A fim de competir com Deus pelo domínio do mundo, Satanás, a quem Cristo chamava “o príncipe deste mundo”, viu-se forçado a entrar no “mundo” da religião. Embora expulso do Jardim, o homem trazia ainda uma consciência de Deus em seu coração e a estratégia de Satanás era desviar essa fome inata, afastando-a do Senhor Deus. Assim teve lugar o aparecimento do que chamamos religião falsa, falsificada ou naturalista – e sua história é comprida e trágica. A Bíblia diferencia claramente entre a fé verdadeira e a mera religiosidade e nada poderia estar mais errado do que o surrado refrão onde se diz que qualquer religião é boa, desde que a pessoa seja sincera. Em nenhuma outra área da vida encontramos tanto erro, tanto engano e charlatanismo como na religião.

Os dois fogos sagrados, fora do Éden, exemplificam a diferença entre a religião verdadeira e a religião falsa. Um deles pertencia a Abel, que trouxe o primogênito de seu rebanho como oferenda ao Senhor Deus. Ofereceu-o com amor, adoração, humildade e reverência, e a Bíblia nos diz que o Senhor se agradou de Abel e de sua oferta. O outro pertencia ao irmão mais velho, Caim, que trouxera uma oferta sem sangue e de pouco valor ao seu altar, e a Bíblia nos diz que “de Caim e de sua oferta Deus não se agradou”.
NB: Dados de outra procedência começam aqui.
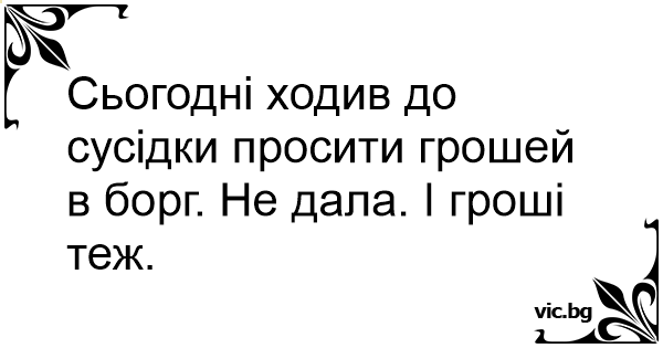 Сьогодні ходив до сусідки просити грошей в борг. Не дала. І гроші теж.
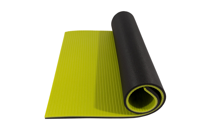 Kratší verze karimatky ze super-elastického materiálu pro cvičení a rehabilitaci. Pohodlná a příjemná podložka, která netlačí pod zády, kyčlemi a dalšími částmi těla, které jsou při cvičení na zemi namáhány. Díky speciálnímu materiálu, který je více houževnatý a připomíná materiál EVA, karimatka méně klouže po podlaze a při zatížení je více poddajná. Materiál je velice odolný proti poškození a opotřebení. Ideální podložka do domácí posilovny, ale také do tělocvičen a fitness center.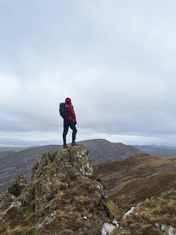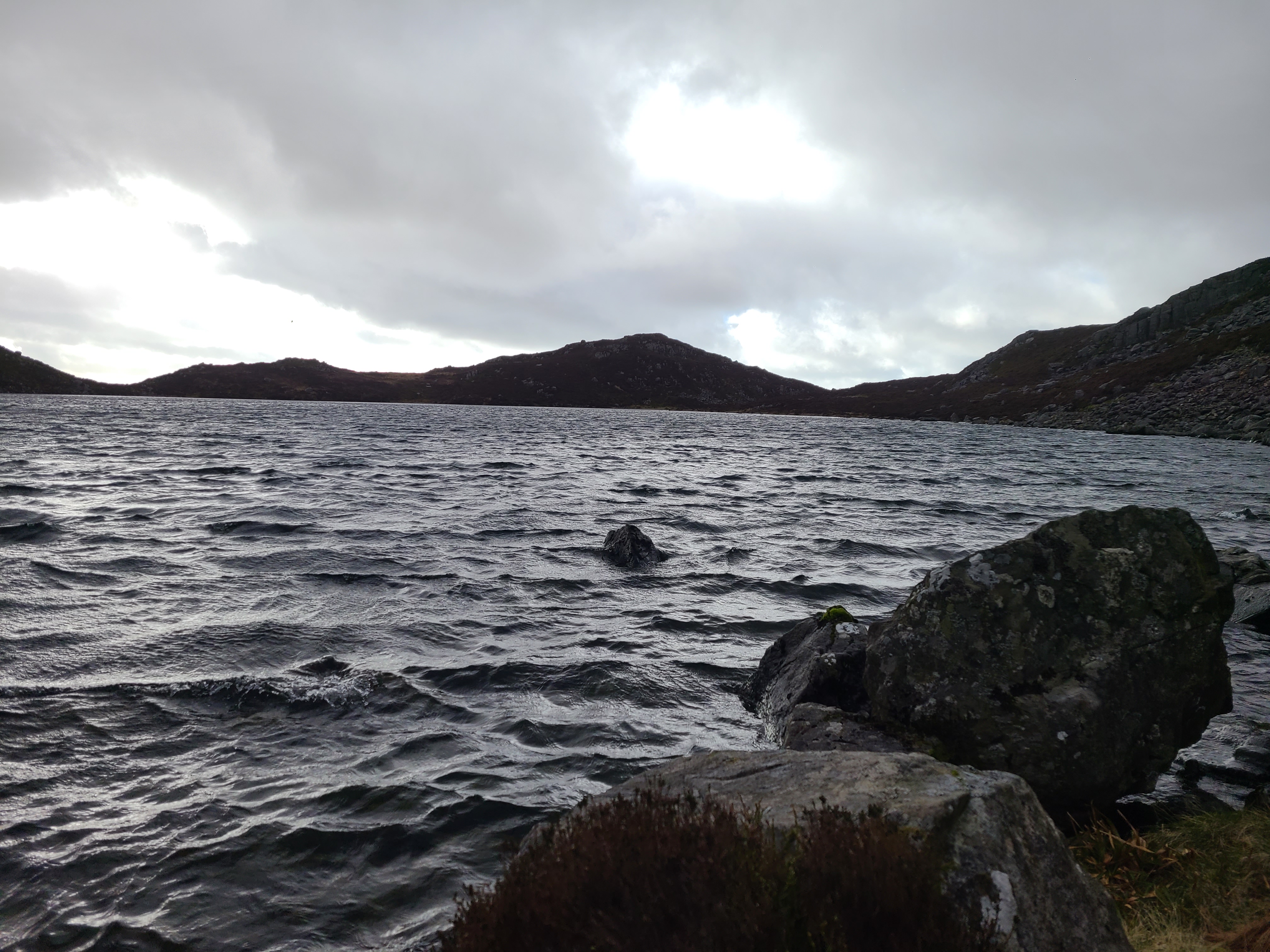 Saturday dawned with a biting dawn wind which luckily wasn’t complimented by the forecast showers. After freeing the vans from the soft grassy ground next to the bunkhouse the group travelled up to remote and beautiful Cwm Nantcol on the western side of the Rhinoggydd giving us a view of the rocky and heather covered terrain over which we would be traversing throughout the day. Setting out east along the wall to the bwlch avoiding the bogs and including some fun scrambles on the rocky boulders on the lower slopes to the south of Rhinog Fawr before returning to the bwlch for a spot of lunch before the ascent of Rhinog Fach. The steep slopes of Rhinog Fach provided a variety of route choices allowing some members the chance to scramble on some of the very grippy slabs whilst the rest followed the rocky path up. Upon gaining the ridge we were greeted with a strong breeze as well as encountering various different patches of frogspawn. Looking east from the summit views over Trawsfynydd reservoir, Arenig Fawr and Moel LLyfnant (Climbed on the December trip) and over to the Aran range which had a frosting of freshly fallen snow setting a wild scene coupled with the view west over the Irish Sea to the Llyn peninsula created a stunning panorama. After summiting Rhinog Fach (712m). We descended to the beautiful llyn Hywel over some boulders all the while battling the wind. Following the stream down from the llyn dropped us back out of the wind and back to the vans.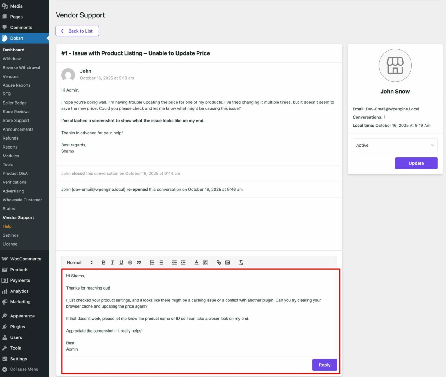 Ans: Yes, any site admin with access to the Dokan dashboard can view and respond to vendor support messages. This allows your team to collaborate and manage vendor queries more efficiently.

Como poderia o Senhor Deus mostrar-se tão caprichoso? Afinal de contas, Caim não estava igualmente tentando agradar a Deus, e não se apresentava com sinceridade perfeita?

Essa narrativa foi colocada na Bíblia a fim de ensinar que existe um modo certo e um modo errado de entrar em contato com Deus. Abel fez seu sacrifício humilde e reverentemente, com espírito de sacrifício, trazendo a Deus o que de melhor possuía, e vejo pelo caminho de Deus. Caim fez a sua oferenda de má vontade, com egoísmo e de modo superficial, e além disso desobedeceu a Deus, no modo pelo qual veio, sem trazer consigo a fé. Quando Deus não sancionou e abençoou seu sacrifício, Caim se enfureceu e matou o irmão. Abel amava realmente a Deus e O adorava. A adoração de Caim era religiosidade desprovida de sentido, tão vazia e oca quanto se tornou sua vida, depois disso. Deixando a família, andou pela terra amargurado, gritando para o Senhor: “É tamanho o meu castigo, que já não posso suportá-lo” (Gênesis 4:13).
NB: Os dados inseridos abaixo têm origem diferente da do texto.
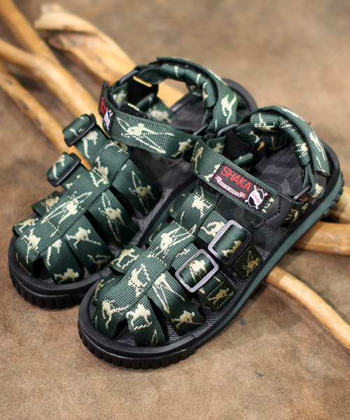 【HIKER】 SHAKAの代名詞的MODELのHIKER。 特徴は足の甲を包み込むようなストラップで、まるで亀の甲等のようなデザインです。 このデザインを元に生産するブランドも数多くあります。 ソールのクッション性、グリップ力は抜群です。 軽量で独特なソールの反りは足に見事にフィットし魅了される事間違いなし。 また足首、踵、甲の部分をベルクロで調整する事が可能で様々な足の形にフィットする万能なスポーツサンダルです。 ●快適な履き心地 90年代当時のソールを基に、軽量化されたソールは、クッション性・耐久性も向上しています。 従来の欧米規格を見直す事で、全体のフィット感が増し、歩行時の負担が軽減されました。 ●高機能をファッショナブルに シンプルなデザインなので、耐久性・快適性に優れたアウトドアアイテムを日常的に楽しめます。 スニーカーとも一線を画す、新たなカジュアル・シューズとしての提案です。 ●もちろんアウトドアにも 水陸両用でお使い頂けるので、海や川でもお使いいただけます。 スニーカーで使用されるEVAミッドソールや、グリップ力・耐久性に優れたアウトソールを採用し、アクティブなシーンにも活躍します。 【 SHAKA / シャカ 】 1990年代に実在した南アフリカ共和国のサンダルブランドです。 南アフリカ国内の自社工場にてハイクオリティーで独創的なデザインのサンダルを製作しておりました。 アフリカの伝統的な柄や色使いを取り入れ、当時のトレンドであったナイロンウェビングを使用したスポーツサンダルは90年代後半に日本でも多く販売されました。 アウトドアブームも追い風となってブランドとして認知されはじめましたが、2000年前半にSHAKAは惜しまれながらブランドが消滅してしまいました。 そして十数年の時が過ぎ、2013年春、遂にSHAKAが復刻となりました。 当時のアーカイブより、SHAKAの特徴であるソールの形状、発色の良いナイロンテープはもちろん、プラスチックパーツや アーチの角度まで忠実に再現する一方、ソールの強度やクッション性、足入れ等の向上をはかり、現代風になった進化版のSHAKAをお楽しみいただけます。 【SIZE】 5 → 23cm 6 → 24cm 7 → 25cm 8 → 26cm 9 → 27cm 10 → 28cm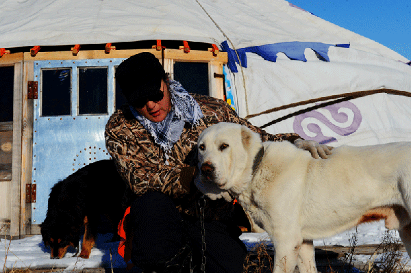 2013年9月,他自费在呼伦贝尔草原上建起了蒙古牧羊犬繁育基地,他把繁育出的幼犬无偿送给牧民。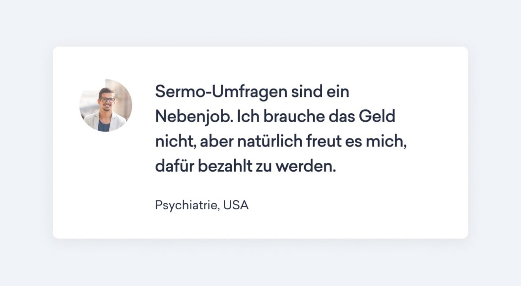 Bei Sermo geht es uns vor allem darum, medizinische Fachkräfte zu befähigen, das Beste aus sich herauszuholen — darum bieten wir ihnen mit unseren bezahlten Umfragen für Ärzt*innen Gelegenheit zum Geldverdienen.

Aí vemos o aparecimento de uma corrente de religiosidade, separando-se da torrente principal de verdadeira adoração do Senhor Deus. Por toda a história humana essa corrente está destinada a tornar-se um rio cada vez maior. O homem está eternamente hesitante entre o falso e o verdadeiro, entre a adoração de ídolos e a adoração do Senhor Deus, entre a sedução da religiosidade e o reconhecimento do claro ensinamento bíblico do caminho para a salvação.

No mesmo momento em que Moisés se achava no Monte Sinai, recebendo as tábuas da lei “escritas pelo dedo de Deus”, a religião humanista irrompia no campo de Israel. O povo disse a Aarão: “Faze-nos deuses que vão diante de nós”, e ele curvou-se àquelas exigências, dizendo: “Tirai as argolas de ouro das orelhas de vossas mulheres, vossos filhos e vossas filhas, e trazei-mas… Este, recebendo-as das suas mãos trabalhou o ouro com buril, e fez dele um bezerro fundido. Então disseram: São estes, ó Israel, os teus deuses; que te tiraram da terra do Egito” (Êxodo 32:1-4).

Com a continuação do tempo, outros afluentes idólatras vieram a desaguar no curso principal da religião: Baal, o deus das tribos de Canaã, Quemoche, o deus dos moabitas, Dagom, o deus dos filisteus, e Moloque, deus dos amonitas. Se relacionássemos nominalmente todos os deuses da história humana, seria necessário um grosso volume para reproduzir a lista.

A afirmação implícita numa falsificação ou contrafação é que existe a coisa verdadeira, que se pretende imitar ou falsificar. Ninguém jamais falsificou uma nota de setenta e cinco dólares, pois notas desse valor não existem. Toda a falsificação dá testemunho da realidade e existência daquilo que se tenta igualar e assim, em meio a todos os planos e programas que os homens imaginaram para satisfazer seu impulso religioso, a religião verdadeira existe e está ao alcance de todos que desejem vir a Deus, mas sob as condições dEle.